[Saved data entries]
......

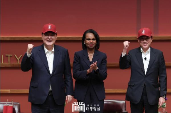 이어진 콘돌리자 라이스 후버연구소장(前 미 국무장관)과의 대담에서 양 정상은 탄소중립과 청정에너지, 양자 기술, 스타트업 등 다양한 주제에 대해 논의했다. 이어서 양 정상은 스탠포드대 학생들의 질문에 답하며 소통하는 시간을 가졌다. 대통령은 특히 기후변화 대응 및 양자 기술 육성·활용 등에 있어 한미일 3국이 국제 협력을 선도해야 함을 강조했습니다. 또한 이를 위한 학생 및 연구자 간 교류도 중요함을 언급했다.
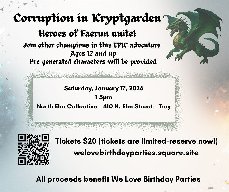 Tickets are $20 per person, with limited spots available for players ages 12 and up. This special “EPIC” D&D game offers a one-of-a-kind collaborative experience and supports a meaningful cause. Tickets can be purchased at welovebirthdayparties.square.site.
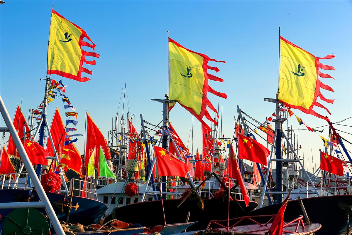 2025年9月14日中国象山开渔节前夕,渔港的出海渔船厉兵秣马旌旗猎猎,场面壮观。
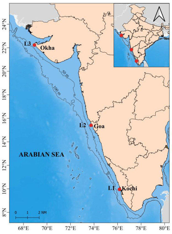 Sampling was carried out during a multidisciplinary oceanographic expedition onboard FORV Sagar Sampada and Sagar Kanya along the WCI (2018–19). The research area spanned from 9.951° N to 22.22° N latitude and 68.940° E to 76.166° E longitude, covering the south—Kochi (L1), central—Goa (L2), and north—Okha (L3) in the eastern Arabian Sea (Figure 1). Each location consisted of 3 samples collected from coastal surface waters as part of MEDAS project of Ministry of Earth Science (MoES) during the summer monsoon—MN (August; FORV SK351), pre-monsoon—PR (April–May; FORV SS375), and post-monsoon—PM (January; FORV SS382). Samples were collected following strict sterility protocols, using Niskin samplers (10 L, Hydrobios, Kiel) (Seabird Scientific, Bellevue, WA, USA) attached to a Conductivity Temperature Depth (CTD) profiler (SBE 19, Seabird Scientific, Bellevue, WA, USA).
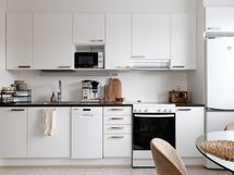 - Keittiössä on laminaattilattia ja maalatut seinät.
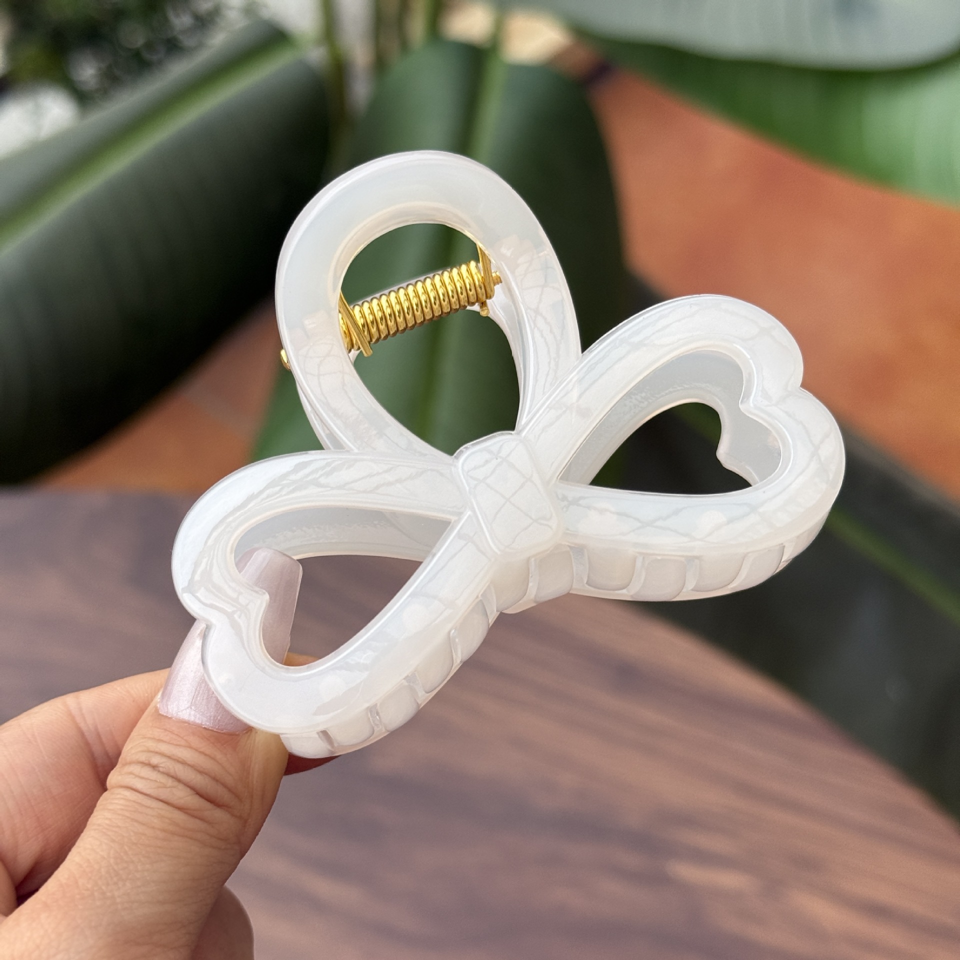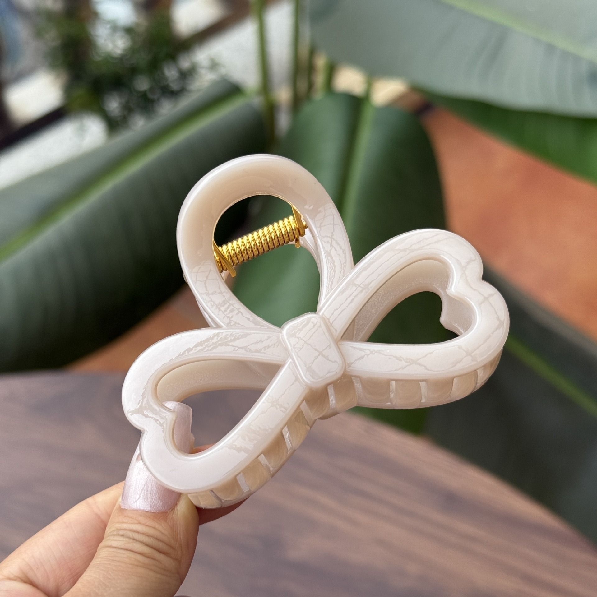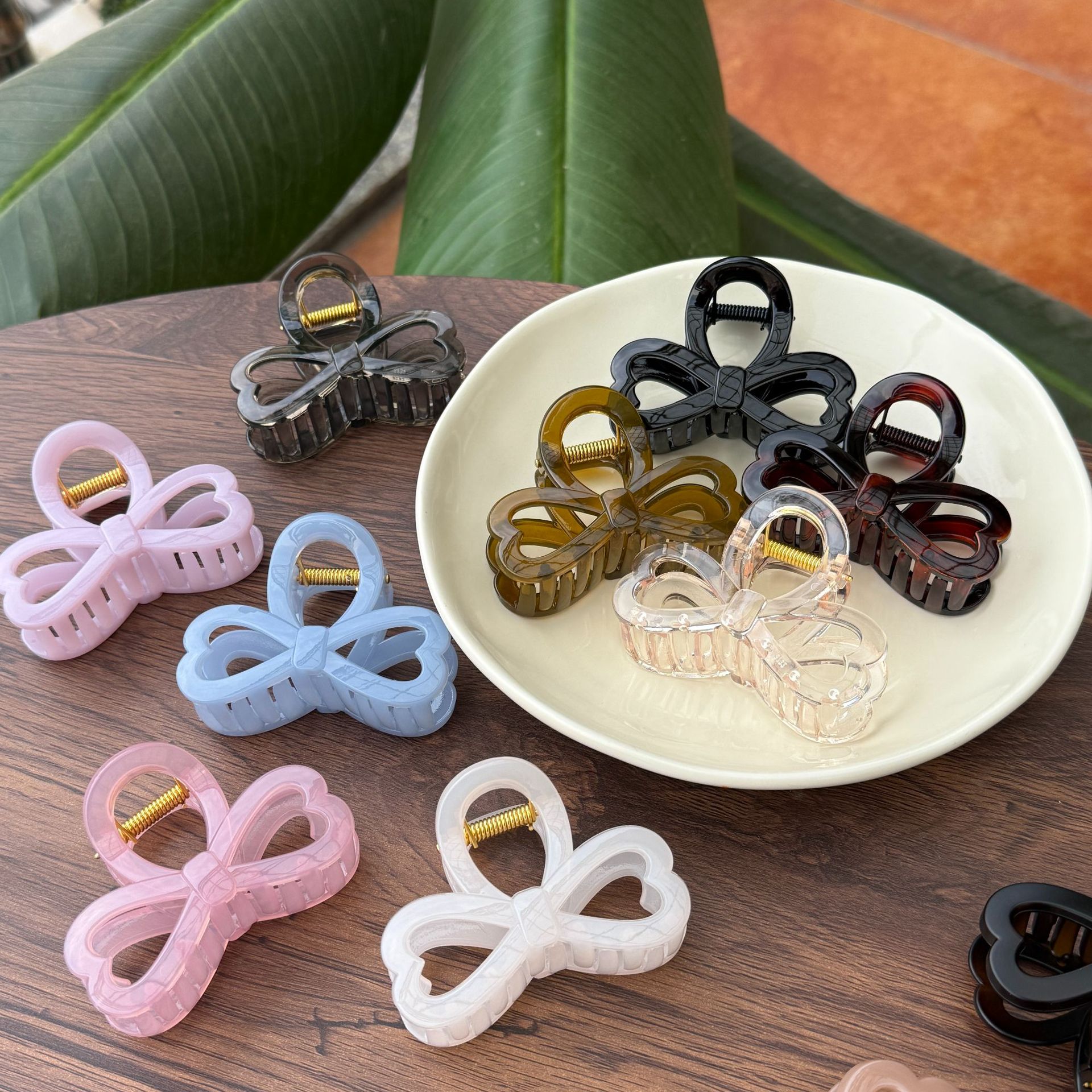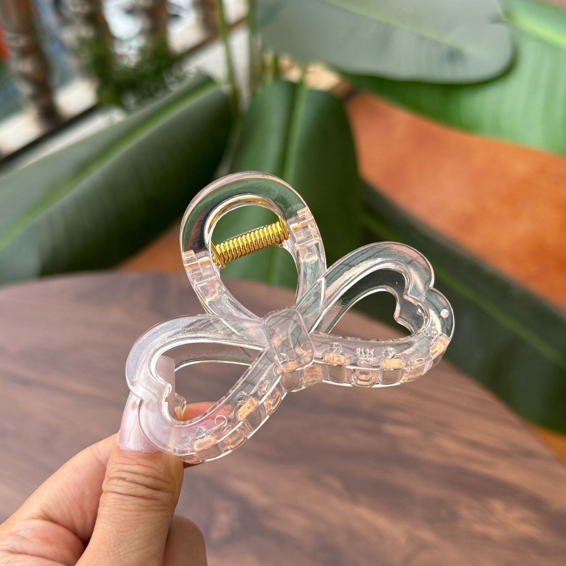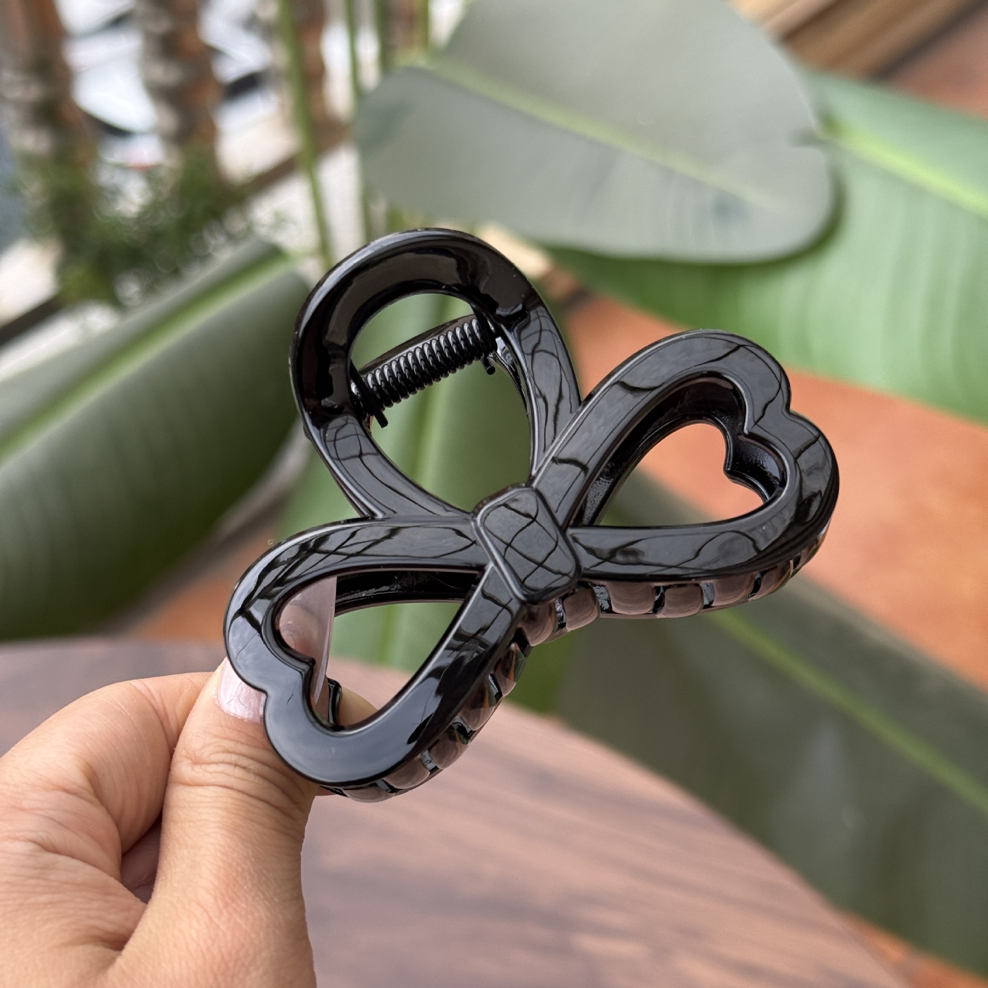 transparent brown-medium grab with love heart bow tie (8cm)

......

- **Problem description**
Each record is to be restated word for word; no picture goes in.

- **Solved exercise**
 이어진 콘돌리자 라이스 후버연구소장(前 미 국무장관)과의 대담에서 양 정상은 탄소중립과 청정에너지, 양자 기술, 스타트업 등 다양한 주제에 대해 논의했다. 이어서 양 정상은 스탠포드대 학생들의 질문에 답하며 소통하는 시간을 가졌다. 대통령은 특히 기후변화 대응 및 양자 기술 육성·활용 등에 있어 한미일 3국이 국제 협력을 선도해야 함을 강조했습니다. 또한 이를 위한 학생 및 연구자 간 교류도 중요함을 언급했다.
 Tickets are $20 per person, with limited spots available for players ages 12 and up. This special “EPIC” D&D game offers a one-of-a-kind collaborative experience and supports a meaningful cause. Tickets can be purchased at welovebirthdayparties.square.site.
 2025年9月14日中国象山开渔节前夕,渔港的出海渔船厉兵秣马旌旗猎猎,场面壮观。
 Sampling was carried out during a multidisciplinary oceanographic expedition onboard FORV Sagar Sampada and Sagar Kanya along the WCI (2018–19). The research area spanned from 9.951° N to 22.22° N latitude and 68.940° E to 76.166° E longitude, covering the south—Kochi (L1), central—Goa (L2), and north—Okha (L3) in the eastern Arabian Sea (Figure 1). Each location consisted of 3 samples collected from coastal surface waters as part of MEDAS project of Ministry of Earth Science (MoES) during the summer monsoon—MN (August; FORV SK351), pre-monsoon—PR (April–May; FORV SS375), and post-monsoon—PM (January; FORV SS382). Samples were collected following strict sterility protocols, using Niskin samplers (10 L, Hydrobios, Kiel) (Seabird Scientific, Bellevue, WA, USA) attached to a Conductivity Temperature Depth (CTD) profiler (SBE 19, Seabird Scientific, Bellevue, WA, USA).
 - Keittiössä on laminaattilattia ja maalatut seinät.
 transparent brown-medium grab with love heart bow tie (8cm)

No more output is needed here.